I know this doesn't really answer your question, but I thought I would highlight an alternate solution you might use. A good database and an appropriate OR mapper like .netTiers, NHibernate, or more recently LINQ to SQL / Entity Framework would probably get you back up and running with minimal changes to the rest of your codebase.
我知道这并不能真正回答您的问题,但我想我会强调您可能使用的替代解决方案。一个好的数据库和一个合适的 OR 映射器(如 .netTiers、NHibernate 或最近的 LINQ to SQL / Entity Framework)可能会让您在对其余代码库进行最少更改的情况下重新启动并运行。
回答by Oppositional
You may control what parts of the Cars class are deserialized by implementing the IXmlSerializableinterface on the Cars class, and then within the ReadXml(XmlReader)method you would read and deserialize the Car elements but when you reach the SalesPerson element you would read its subtree as a string and then construct a Stream over the the textual content using a StreamWriter.
您可以通过在 Cars 类上实现IXmlSerializable接口来控制反序列化 Cars 类的哪些部分,然后在ReadXml(XmlReader)方法中读取和反序列化 Car 元素,但是当您到达 SalesPerson 元素时,您将读取其子树作为字符串,然后使用 StreamWriter 在文本内容上构造一个 Stream。
If you never want the XmlSerializer to write out the SalesPerson element, use the [XmlIgnore] attribute. I am not sure what you want to happen when you seriailize the Cars class to its XML representation. Are you trying to only prevent deserialization of the SalesPerson while still being able to serialize the XML representation of the SalesPerson represented by the Stream?
如果您从不希望 XmlSerializer 写出 SalesPerson 元素,请使用 [XmlIgnore] 属性。当您将 Cars 类序列化为其 XML 表示时,我不确定您想要发生什么。您是否试图只阻止 SalesPerson 的反序列化,同时仍然能够序列化由 Stream 表示的 SalesPerson 的 XML 表示?

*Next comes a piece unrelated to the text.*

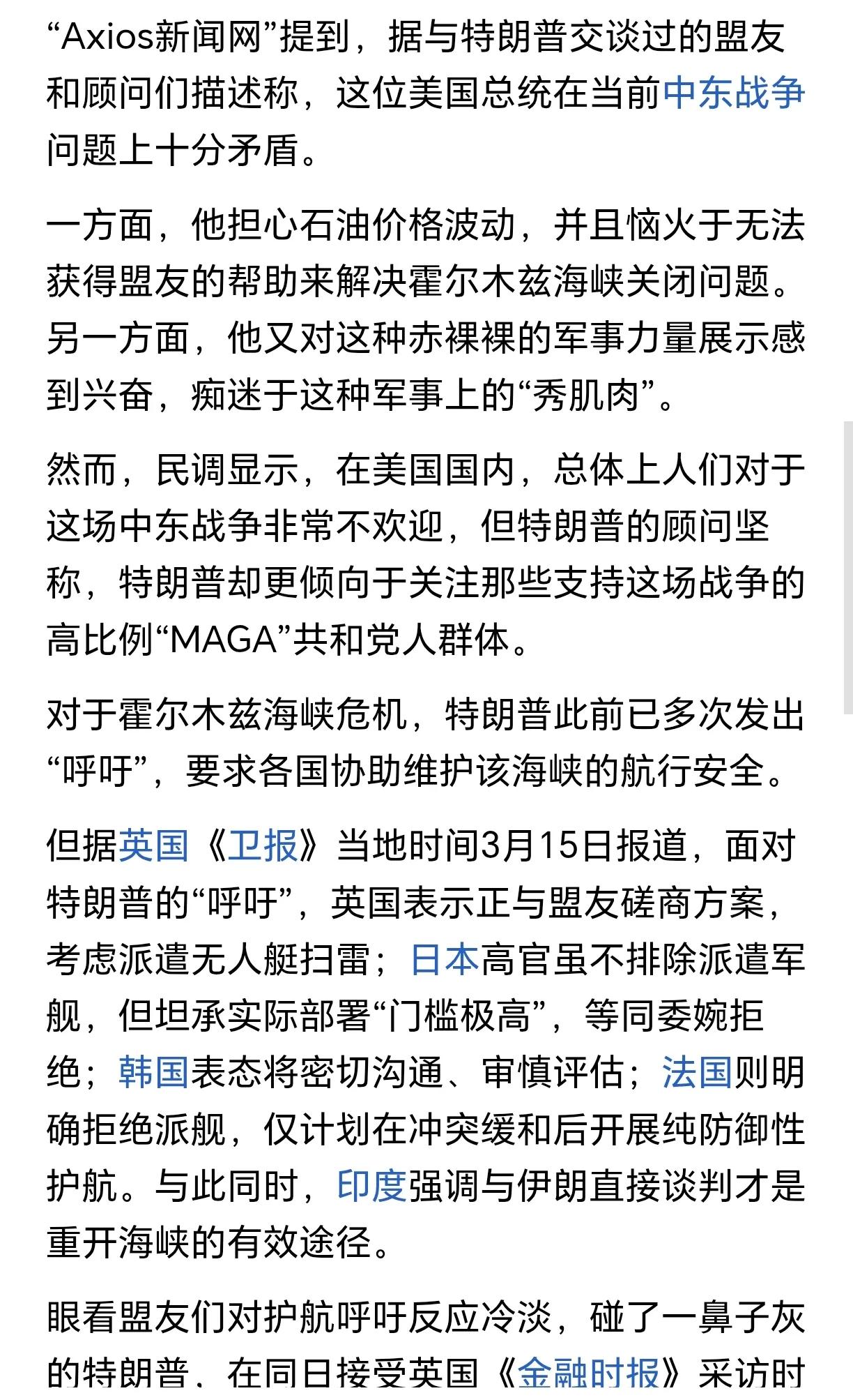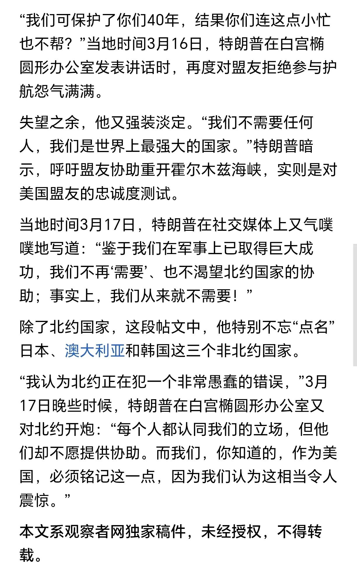 特朗普对北约的态度说明了当下美国色厉内荏的本质。 特朗普明显是希望北约成员国这群小弟们能够站出来呼应美国在霍尔木兹海峡的军事行动,呼吁他们能派军舰帮帮场子,觉得是美国保护了他们那么多年、现在到他们为美国出力了。 但在被不止是北约国家,还包括澳大利亚、日、韩等小弟们拒绝后,他又显得很愤怒,失望之余为了挽回面子、维持自己世界霸主老大哥的尊严,只能硬着头皮挽尊说“我们不再需要、也不渴望北约国家的协助”。至于有力的报复措施,则是有心无力了。 时代变了,美国往日那种一呼百应、小弟跪舔的日子早已过去,曾经的各路小弟和盟友们忠诚不再、各怀鬼胎,只有特朗普还觉得现在的美国和过去一样强盛。 特朗普对北约的态度说明了什么欧洲对特朗普 特朗普碰壁

I could probably provide a code example of this if you want a concrete implementation.
如果你想要一个具体的实现,我可能会提供一个代码示例。
回答by devlord
If all you want to do is parse out the SalesPerson element but keep it as a string, you should use Xsl Transform rather than "Deserialization". If, on the other hand, you want to parse out the SalesPerson element and only populate an object in memory from all the other non-SalesPerson elements, then Xsl Transform might also be the way to go. If the files are way big, you may consider separating them and using Xsl to combine different xml files so that the SalesPerson I/O only occurs when you need it to.
如果您只想解析 SalesPerson 元素但将其保留为字符串,则应使用 Xsl 转换而不是“反序列化”。另一方面,如果您想解析 SalesPerson 元素并仅从所有其他非 SalesPerson 元素填充内存中的对象,那么 Xsl 转换也可能是可行的方法。如果文件很大,您可以考虑将它们分开并使用 Xsl 组合不同的 xml 文件,以便 SalesPerson I/O 仅在您需要时发生。
回答by John Saunders
Please try defining the SalesPerson property as type XmlElement
. This works for output from ASMX web services, which use XML Serialization. I would think it would work on input as well. I would expect the entire <SalesPerson>
element to wind up in the XmlElement
.
请尝试将 SalesPerson 属性定义为 type XmlElement
。这适用于使用 XML 序列化的 ASMX Web 服务的输出。我认为它也适用于输入。我希望整个<SalesPerson>
元素都在XmlElement
.
回答by Bogdan_Ch
I would suggest you to manually read from Xml, using any lightweight methods, like XmlReader, XPathDocument or LINQ-to-XML.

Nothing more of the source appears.